Screenshot of enuma YouTube video describing innovation for deaf children.

Sooinn Lee vividly remembers the experience of a deaf child’s mother she met while growing up in Korea.

It was a memory Lee immediately called up when she learned her own son was born with moderate hearing. She remembered the challenge of that mother in Korea, an art teacher who tried to communicate with her deaf child through drawing. But without access to sign language and education with sign language, communication beyond art was nearly impossible, Lee says.

Decades later, Lee is raising two children in Berkeley, Calif., grateful for the impact access to sign language and education with sign language has had on her now nine-year-old son and family. It was these experiences that fueled her to launch her tech startup, Enuma, in 2012, focused on leveraging technology to serve the education needs of children with disabilities.

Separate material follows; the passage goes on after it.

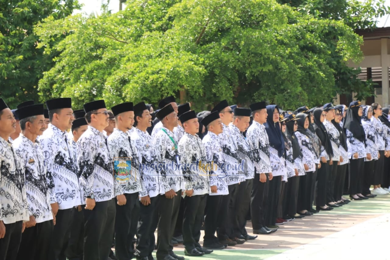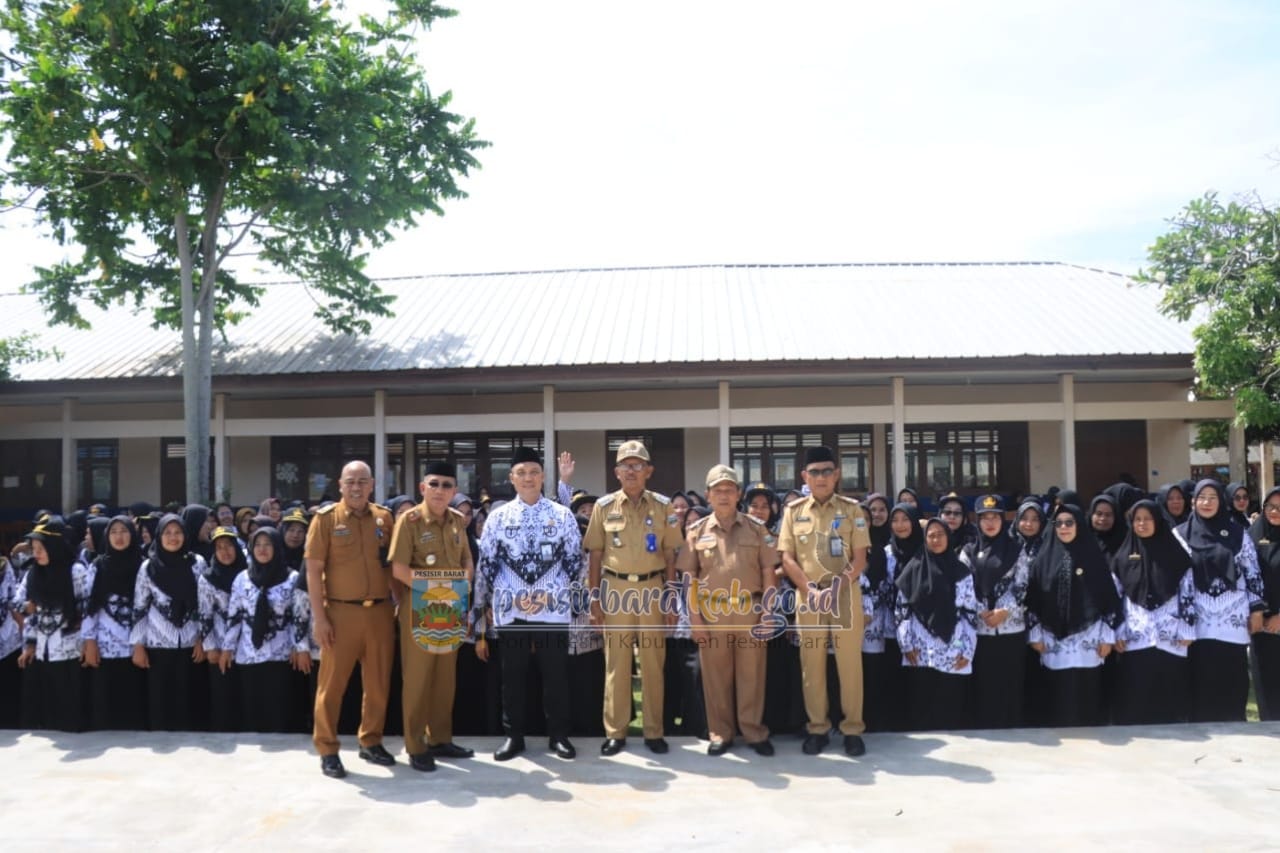 BUPATI AGUS ISTIQLAL PIMPIN UPACARA PERINGATAN HUT PGRI KE-79 DAN HARI GURU NASIONAL DI SMPN 9 KRUI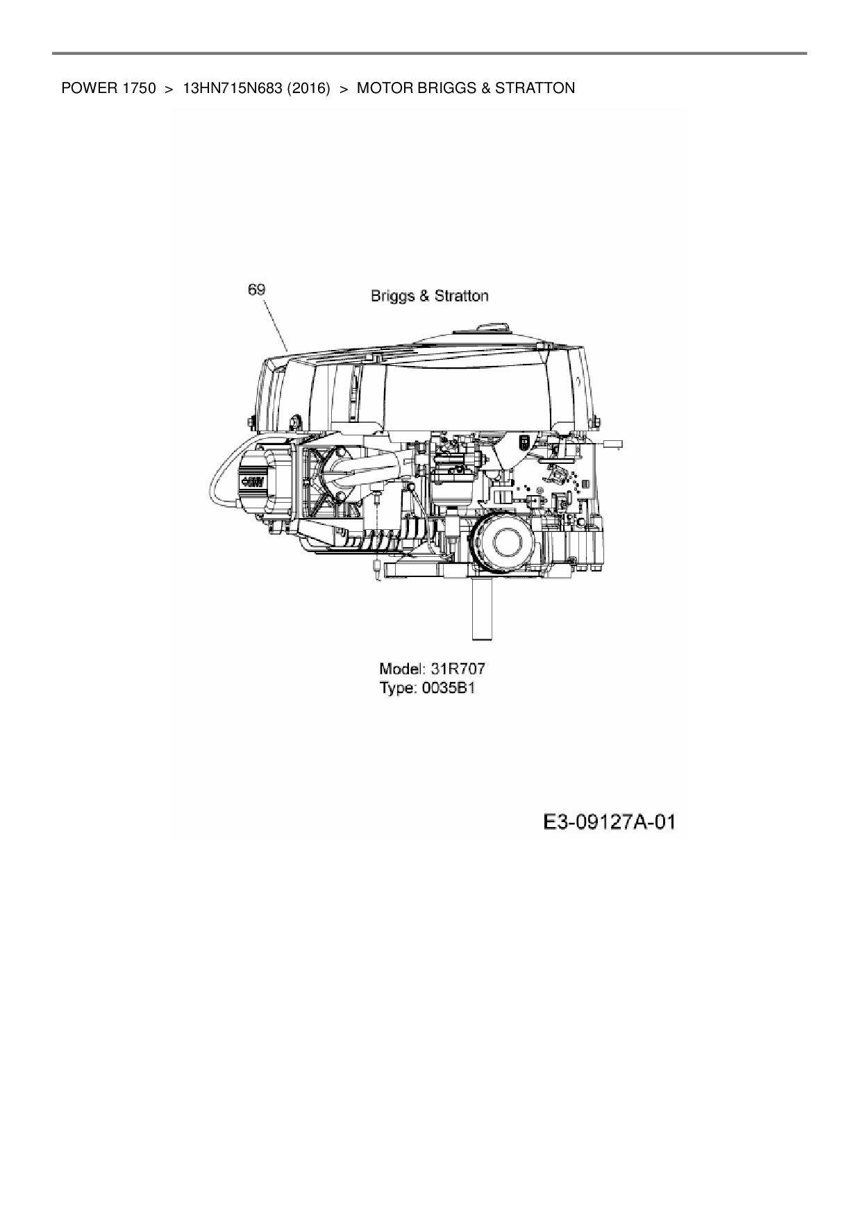 Ersatzteile für Rasentraktor MTD Power 1750 aus der Zeichnung Motor Briggs & Stratton:

“Our mission is clear: we empower children with disabilities to become learners,” says Lee, Enuma’s co-founder and CEO. “We see the potential of touchscreen devices, taking what we’ve learned from the gaming industry and applying it to education to motivate a young child’s mind.”

That potential is what led to the development of KitKit School, a tablet-based early learning program that helps children learn literacy and math skills independently. It includes a suite of games, books, videos, and art and music tools designed to support children in developing countries. A finalist of the Global Learning XPRIZE, Enuma piloted KitKit School in Tanzania and Kenya in 2016 and 2017, offering the app in both Swahili and English.

Yet long before KitKit’s schools inception, Lee cast a greater vision for its functionality, including exploring ways to make it more accessible and inclusive for children with disabilities. The potential for the app to offer these features came in fall 2017, when All Children Reading: A Grand Challenge for Development launched the Sign On For Literacy prize competition. In June 2018, Enuma was announced as one of five winners of the first phase of the competition, winning $25,000 to develop their prototype, with a chance to win up to $250,000.

Through the Sign On For Literacy prize, Enuma will add a sign language mode to KitKit School that provides Tanzanian Sign Language and visual support to the curriculum, enabling deaf children and their communities to access early sign language learning resources. To accomplish this, Enuma partnered with multiple organizations for the deaf in Tanzania and now has a team of nine in the country translating the content of KitKit School into Tanzanian Sign Language.

Enuma also formed a partnership with the Center of Early Intervention on Deafness in Berkeley, Calif.—which provided early education to her son and support to her family—to develop early learning curriculum and resources.

The challenge for implementing sign language functionality in new areas is accommodating differences in sign language from region to region. That’s why Enuma will also add a sign language editing app so local communities can modify the sign language videos and resources to fit their context.

“The Sign On For Literacy prize has made a huge difference,” Lee says. “We had the concept for a long time, but had not advanced to where we could inspire and reach others who might see it [the innovation] and begin thinking about deaf education more seriously. Without the prize, we’d have no long-term vision of where this functionality could go.”

When asked whether education for all deaf children is a possibility in our lifetime, Lee responds with a resounding, “Yes.” A qualifier for that ambitious vision, however, is the collective passion and effort among innovators, funders, policymakers, educators, and others to make inclusive education a priority, she says.

“My hope is our work and the Sign On For Literacy challenge can inspire and push others to think about inclusiveness and accessibility up front,” Lee says. “If we start to build the architecture to hold those functionalities from the beginning, I believe that inclusive education can become more popular and critical in the learning of everyone’s life, a mainstream function we can access everywhere, in every signed and spoken language. It can happen in our lifetime.”